__WORK ITEM__:
An exact copy of the lines from the top of the data through the line with "Very low stock" is what you should give, with no pictures in it.

__EXERCISE DATA__:
※ ※ ※

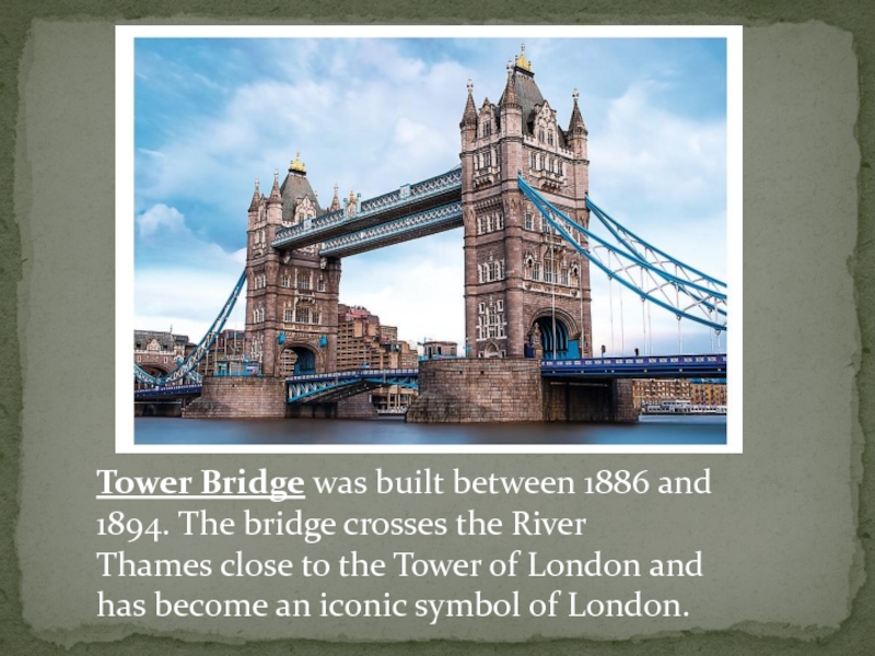 Слайд 11Tower Bridge was built between 1886 and 1894. The bridge crosses the River
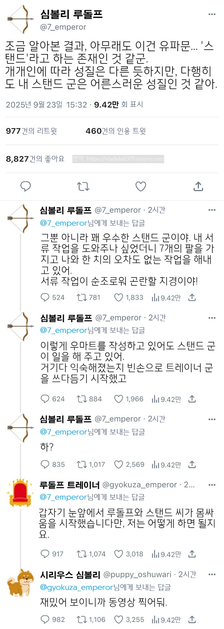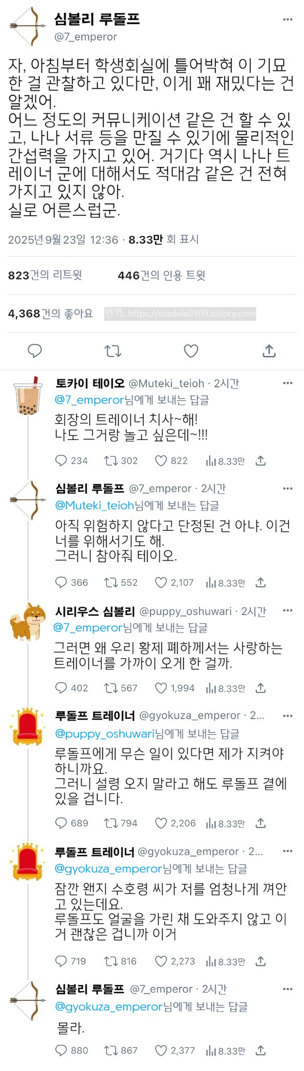 | 【우마무스메 Twitter풍】 하이드라의 장난감 상자입니다. 이번부터 죠죠 패러디 소재 편, 시동입니다. 아마 꽤 갱신이 늦어질 것 같습니다만, 기묘한 세계선으로 시작하는 '죠죠레센 학원'을 즐겨주시길. 그러면 부디 「우마무스메의 기묘한 체험담」 - ハイドラの玩具箱, 2025년 09월 24일 게재 - 출처: https://x.com/hydelanderbox/status/1970729914031915483 |
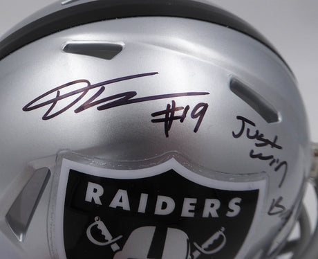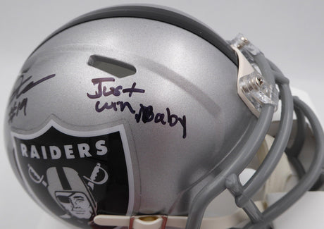 Very low stock (1 unit)$79Unit price /UnavailableDJ D.J. Turner Autographed Las Vegas Raiders Mini Helmet "Just Win Baby" Beckett BAS QR #2W133220
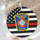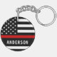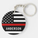Thin Red Line Fire Department Keychain - American flag in Firefighter Flag colors, modern black and red design . Customize with your department logo and firefighter name.. This personalized firefighter keychain is perfect for fire departments and fire service, promotional ideas, or gifts to your firefighters. COPYRIGHT © 2020 Judy Burrows, Black Dog Art - All Rights Reserved. Fire Department Custom Logo Emblem Firefighter Keychain

※ ※ ※

__OUTPUT__:
 Слайд 11Tower Bridge was built between 1886 and 1894. The bridge crosses the River
 | 【우마무스메 Twitter풍】 하이드라의 장난감 상자입니다. 이번부터 죠죠 패러디 소재 편, 시동입니다. 아마 꽤 갱신이 늦어질 것 같습니다만, 기묘한 세계선으로 시작하는 '죠죠레센 학원'을 즐겨주시길. 그러면 부디 「우마무스메의 기묘한 체험담」 - ハイドラの玩具箱, 2025년 09월 24일 게재 - 출처: https://x.com/hydelanderbox/status/1970729914031915483 |
 Very low stock (1 unit)$79Unit price /UnavailableDJ D.J. Turner Autographed Las Vegas Raiders Mini Helmet "Just Win Baby" Beckett BAS QR #2W133220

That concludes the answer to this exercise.